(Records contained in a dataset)

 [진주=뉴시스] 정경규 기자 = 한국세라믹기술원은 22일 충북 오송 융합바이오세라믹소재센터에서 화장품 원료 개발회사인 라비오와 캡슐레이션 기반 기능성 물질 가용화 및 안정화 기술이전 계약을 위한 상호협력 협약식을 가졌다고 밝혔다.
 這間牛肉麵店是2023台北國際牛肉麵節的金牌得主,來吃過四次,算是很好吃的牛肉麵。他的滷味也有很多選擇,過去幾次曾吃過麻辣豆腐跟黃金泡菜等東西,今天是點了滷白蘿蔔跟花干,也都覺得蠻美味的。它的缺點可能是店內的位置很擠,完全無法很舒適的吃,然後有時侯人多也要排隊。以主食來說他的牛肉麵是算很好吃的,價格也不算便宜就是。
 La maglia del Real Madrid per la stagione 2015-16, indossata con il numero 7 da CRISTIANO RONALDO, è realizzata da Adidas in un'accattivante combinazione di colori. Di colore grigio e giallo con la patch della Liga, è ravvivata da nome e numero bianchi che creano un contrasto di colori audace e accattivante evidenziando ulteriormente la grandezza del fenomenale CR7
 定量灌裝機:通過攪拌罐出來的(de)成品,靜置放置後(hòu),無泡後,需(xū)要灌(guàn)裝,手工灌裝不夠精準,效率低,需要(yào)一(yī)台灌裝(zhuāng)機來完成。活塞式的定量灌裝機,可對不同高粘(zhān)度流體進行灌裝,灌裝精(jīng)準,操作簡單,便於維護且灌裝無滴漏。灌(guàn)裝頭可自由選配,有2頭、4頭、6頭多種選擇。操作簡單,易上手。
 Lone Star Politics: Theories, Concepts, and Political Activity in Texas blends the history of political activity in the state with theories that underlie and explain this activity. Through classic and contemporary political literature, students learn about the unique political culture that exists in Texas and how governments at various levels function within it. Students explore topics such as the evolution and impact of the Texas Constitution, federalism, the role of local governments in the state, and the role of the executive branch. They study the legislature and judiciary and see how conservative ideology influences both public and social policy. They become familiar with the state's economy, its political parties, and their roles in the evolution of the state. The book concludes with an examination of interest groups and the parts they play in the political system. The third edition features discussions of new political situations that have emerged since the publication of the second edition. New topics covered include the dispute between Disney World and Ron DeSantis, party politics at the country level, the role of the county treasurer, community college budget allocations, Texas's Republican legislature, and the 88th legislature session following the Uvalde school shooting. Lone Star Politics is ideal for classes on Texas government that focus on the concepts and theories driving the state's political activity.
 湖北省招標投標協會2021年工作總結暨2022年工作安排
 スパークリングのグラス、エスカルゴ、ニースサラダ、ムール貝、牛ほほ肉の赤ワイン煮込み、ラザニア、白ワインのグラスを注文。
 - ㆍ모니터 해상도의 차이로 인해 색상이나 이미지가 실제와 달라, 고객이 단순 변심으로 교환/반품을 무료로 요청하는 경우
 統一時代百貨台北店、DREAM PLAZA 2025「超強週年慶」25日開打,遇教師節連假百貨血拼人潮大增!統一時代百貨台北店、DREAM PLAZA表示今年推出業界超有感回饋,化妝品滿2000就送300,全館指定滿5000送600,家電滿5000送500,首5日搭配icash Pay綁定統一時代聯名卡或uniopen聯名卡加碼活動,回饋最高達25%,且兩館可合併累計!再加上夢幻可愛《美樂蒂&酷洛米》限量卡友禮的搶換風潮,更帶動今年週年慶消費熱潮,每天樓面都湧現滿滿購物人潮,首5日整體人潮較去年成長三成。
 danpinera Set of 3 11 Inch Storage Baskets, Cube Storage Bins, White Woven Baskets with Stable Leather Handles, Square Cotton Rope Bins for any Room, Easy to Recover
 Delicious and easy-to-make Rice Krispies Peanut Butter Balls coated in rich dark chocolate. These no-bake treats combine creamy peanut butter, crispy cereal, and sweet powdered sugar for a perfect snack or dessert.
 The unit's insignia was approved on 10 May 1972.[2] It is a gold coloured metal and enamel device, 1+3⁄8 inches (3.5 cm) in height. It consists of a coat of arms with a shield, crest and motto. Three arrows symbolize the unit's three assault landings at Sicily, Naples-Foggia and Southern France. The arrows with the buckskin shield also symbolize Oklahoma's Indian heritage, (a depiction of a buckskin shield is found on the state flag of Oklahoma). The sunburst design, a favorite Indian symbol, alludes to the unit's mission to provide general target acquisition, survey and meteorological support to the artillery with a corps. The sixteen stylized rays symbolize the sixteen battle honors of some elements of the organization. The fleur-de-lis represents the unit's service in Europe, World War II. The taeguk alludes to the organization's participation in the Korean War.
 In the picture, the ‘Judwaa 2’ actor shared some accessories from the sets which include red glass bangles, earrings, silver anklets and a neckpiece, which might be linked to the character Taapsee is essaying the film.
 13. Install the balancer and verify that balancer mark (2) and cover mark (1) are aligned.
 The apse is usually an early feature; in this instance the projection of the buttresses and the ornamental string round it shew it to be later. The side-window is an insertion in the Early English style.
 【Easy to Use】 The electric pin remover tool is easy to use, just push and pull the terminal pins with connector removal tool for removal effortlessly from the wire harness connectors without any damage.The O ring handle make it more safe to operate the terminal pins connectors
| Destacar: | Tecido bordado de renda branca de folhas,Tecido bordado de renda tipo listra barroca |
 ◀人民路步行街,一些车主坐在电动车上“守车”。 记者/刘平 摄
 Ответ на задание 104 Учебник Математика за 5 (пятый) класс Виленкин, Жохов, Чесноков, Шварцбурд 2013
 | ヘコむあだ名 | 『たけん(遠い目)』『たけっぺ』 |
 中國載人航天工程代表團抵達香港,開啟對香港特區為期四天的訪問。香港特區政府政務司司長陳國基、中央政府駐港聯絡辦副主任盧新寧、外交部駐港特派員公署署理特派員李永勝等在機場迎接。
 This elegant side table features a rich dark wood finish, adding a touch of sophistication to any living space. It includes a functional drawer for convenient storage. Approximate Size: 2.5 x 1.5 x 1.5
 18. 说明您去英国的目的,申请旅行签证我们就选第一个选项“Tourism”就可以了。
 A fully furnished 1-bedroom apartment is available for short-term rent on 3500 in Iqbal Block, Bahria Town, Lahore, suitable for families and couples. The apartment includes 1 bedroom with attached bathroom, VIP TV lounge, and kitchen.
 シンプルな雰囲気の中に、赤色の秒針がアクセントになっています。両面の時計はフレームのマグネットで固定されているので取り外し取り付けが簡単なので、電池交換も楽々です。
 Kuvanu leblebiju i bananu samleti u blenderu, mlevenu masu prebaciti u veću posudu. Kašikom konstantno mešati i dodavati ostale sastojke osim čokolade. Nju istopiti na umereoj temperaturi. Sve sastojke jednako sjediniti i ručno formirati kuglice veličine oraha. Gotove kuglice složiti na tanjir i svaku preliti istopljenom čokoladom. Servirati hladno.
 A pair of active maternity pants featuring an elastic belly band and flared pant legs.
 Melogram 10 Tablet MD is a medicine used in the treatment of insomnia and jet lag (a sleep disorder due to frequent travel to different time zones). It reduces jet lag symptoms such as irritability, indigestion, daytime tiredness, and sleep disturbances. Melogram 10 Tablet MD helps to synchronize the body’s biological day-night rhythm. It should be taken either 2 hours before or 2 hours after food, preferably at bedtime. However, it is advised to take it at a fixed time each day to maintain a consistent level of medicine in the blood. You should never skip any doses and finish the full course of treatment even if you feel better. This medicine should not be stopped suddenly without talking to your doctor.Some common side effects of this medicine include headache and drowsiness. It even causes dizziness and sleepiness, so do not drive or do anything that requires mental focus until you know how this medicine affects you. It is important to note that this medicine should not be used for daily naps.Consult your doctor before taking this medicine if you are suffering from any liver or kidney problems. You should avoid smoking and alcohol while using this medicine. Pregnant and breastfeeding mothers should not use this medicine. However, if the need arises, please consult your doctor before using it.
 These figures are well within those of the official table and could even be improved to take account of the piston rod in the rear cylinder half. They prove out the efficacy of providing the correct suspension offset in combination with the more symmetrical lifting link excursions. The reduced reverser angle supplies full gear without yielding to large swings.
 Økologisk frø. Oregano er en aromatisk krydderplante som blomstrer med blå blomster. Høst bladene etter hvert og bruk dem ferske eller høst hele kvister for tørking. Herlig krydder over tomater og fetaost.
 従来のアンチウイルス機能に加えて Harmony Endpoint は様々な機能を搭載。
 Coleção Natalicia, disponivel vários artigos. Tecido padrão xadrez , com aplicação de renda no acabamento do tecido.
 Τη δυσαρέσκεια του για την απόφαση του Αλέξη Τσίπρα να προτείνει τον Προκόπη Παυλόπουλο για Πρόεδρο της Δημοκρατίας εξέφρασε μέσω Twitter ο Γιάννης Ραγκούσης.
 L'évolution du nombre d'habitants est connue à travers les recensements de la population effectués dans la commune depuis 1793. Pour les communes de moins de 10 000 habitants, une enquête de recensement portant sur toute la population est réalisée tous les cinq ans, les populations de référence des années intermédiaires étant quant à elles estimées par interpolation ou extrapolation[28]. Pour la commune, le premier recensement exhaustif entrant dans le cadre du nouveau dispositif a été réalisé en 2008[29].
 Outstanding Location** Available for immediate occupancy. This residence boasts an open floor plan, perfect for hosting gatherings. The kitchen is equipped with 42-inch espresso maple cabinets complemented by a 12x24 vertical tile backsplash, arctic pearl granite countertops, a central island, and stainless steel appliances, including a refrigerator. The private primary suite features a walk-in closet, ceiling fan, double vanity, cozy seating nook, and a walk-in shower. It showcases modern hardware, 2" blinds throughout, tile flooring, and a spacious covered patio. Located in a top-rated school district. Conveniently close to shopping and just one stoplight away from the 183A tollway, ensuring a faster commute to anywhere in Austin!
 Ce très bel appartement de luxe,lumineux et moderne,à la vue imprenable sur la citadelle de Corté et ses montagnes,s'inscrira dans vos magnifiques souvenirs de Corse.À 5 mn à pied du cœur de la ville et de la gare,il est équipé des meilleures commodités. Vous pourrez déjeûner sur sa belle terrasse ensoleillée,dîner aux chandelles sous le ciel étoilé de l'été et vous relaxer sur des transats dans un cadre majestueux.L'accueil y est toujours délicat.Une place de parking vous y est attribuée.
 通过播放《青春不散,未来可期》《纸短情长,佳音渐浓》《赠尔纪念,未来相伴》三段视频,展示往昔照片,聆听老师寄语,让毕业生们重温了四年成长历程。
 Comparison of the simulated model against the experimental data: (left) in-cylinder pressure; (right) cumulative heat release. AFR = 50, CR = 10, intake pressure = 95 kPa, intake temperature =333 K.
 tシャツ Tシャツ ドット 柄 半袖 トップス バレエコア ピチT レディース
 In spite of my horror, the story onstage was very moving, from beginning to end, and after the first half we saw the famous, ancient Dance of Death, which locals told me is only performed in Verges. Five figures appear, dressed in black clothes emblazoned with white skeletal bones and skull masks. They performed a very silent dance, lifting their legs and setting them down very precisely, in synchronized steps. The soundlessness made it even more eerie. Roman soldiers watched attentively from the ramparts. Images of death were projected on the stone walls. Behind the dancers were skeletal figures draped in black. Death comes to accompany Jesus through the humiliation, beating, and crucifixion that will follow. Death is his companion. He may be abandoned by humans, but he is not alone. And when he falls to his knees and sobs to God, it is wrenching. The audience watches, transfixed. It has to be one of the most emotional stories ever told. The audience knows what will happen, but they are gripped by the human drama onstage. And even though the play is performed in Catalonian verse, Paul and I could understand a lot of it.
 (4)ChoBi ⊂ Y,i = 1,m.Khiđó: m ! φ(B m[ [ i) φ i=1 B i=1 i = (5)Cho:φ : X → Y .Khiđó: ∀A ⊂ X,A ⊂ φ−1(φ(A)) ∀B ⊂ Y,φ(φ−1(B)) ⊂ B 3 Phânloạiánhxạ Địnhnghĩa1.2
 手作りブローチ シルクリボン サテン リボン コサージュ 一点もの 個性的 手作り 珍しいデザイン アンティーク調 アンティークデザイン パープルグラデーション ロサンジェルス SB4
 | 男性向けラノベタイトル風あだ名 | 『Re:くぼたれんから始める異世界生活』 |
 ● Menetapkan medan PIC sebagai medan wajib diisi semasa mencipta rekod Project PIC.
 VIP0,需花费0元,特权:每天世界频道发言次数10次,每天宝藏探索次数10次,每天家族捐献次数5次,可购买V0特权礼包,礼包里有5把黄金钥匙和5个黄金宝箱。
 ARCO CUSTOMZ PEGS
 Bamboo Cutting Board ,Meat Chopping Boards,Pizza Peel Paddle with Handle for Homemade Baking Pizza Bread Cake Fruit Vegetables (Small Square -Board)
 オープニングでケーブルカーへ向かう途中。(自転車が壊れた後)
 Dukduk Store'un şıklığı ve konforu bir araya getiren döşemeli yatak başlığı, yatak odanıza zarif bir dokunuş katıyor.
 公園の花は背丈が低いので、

**Requirement**
All lines above that contain the word "renda" are to be copied.

**Exercise solution**
| Destacar: | Tecido bordado de renda branca de folhas,Tecido bordado de renda tipo listra barroca |
 Coleção Natalicia, disponivel vários artigos. Tecido padrão xadrez , com aplicação de renda no acabamento do tecido.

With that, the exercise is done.